# Kicker zr



## Mathewr (Aug 23, 2017)

I know there don't seem to be many fans of Kicker here as far as I have seen but I have a question. I have an old zr240 that loses its right channel when it's cold for some reason and I was hoping someone here has a preference on who they sent their Kicker amps too. I have done a search and found mentions of many repair places but none specifically mentioned Kicker.


----------



## carlthess40 (Aug 21, 2018)

I always did the repairs on my old kicker amps and subs. They are really some what easy to work on. Kicker was one of the top dogs back in my car bass days in the late 80’s and early 90’s 
Sound like your amp has some cold solder joints. Just go inside of it and go though all the solder joints and see what happens
If you can’t do that send me a message and maybe I can help you with this problem 
Good luck
Carl


Sent from my iPhone using Tapatalk


----------



## rton20s (Feb 14, 2011)

I would contact Kicker directly. I believe they will still do amp repairs on most of their old models.
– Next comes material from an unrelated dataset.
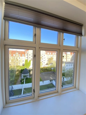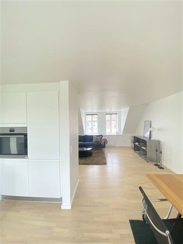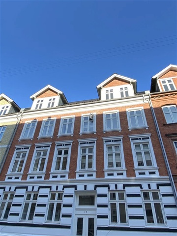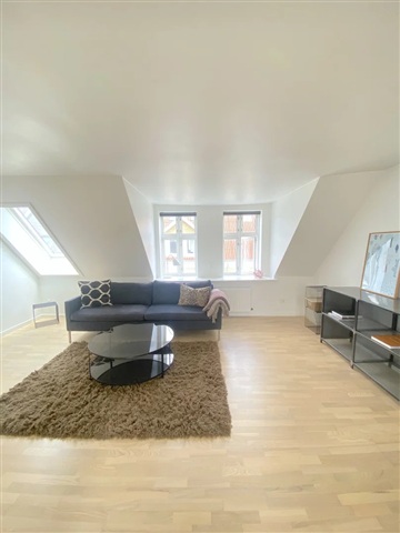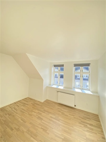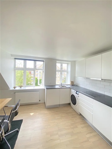 Denne bolig præsenterer en lys og indbydende atmosfære, hvor der er tænkt på både komfort og funktionalitet. Lejligheden, som står klar til indflytning, indeholder fire rummelige værelser med flotte trægulve, der bidrager til en varm og behagelig stemning. Den lyse opholdsstue er velegnet til både afslapning og sociale aktiviteter, idet store vinduespartier sikrer et godt naturligt lysindfald. Det moderne køkken er udstyret med både opvaskemaskine samt vaskemaskine og tørretumbler, hvilket gør de daglige gøremål mere bekvemme. Herfra kan man samtidig nyde en fin udsigt over de nærliggende gader. Badeværelset er designet i et stilrent og praktisk format, så det opfylder alle daglige behov.Til ejendommen hører et attraktivt gårdmiljø, der tilfører en fredelig og grøn oase midt i byens travlhed. Det udendørs areal skaber en god ramme for afslapning og socialt samvær, hvor man kan nyde frisk luft og solskin.

So long as they have the parts available to complete the repair.


----------



## Mathewr (Aug 23, 2017)

Sorry for the delay in response but I don't get updates on my flip phone. Thank you both for the responses and I have a question for Carl. Kind of new to attempting repairs on amps so if I was looking for cold solder joints would there be something obvious to see or would I just kind of hit every solder point?


----------



## Mathewr (Aug 23, 2017)

Calling Kicker is also a good idea and I will try that too. Again thank you both for the ideas and also for not ragging on me for my audio equipment.


----------



## PTFbird67 (Apr 6, 2020)

I know this thread is very old but just wanted to say I had 2 Kicker ZX amplifiers repaired by Kicker in April of this year (2021) and was very pleased. They had a quick turn around and were very reasonable. 

The amps were a ZX1500.1 (cost to repair $125) and a ZX650.4 (cost to repair $95), no extra charge for shipping back to me.


----------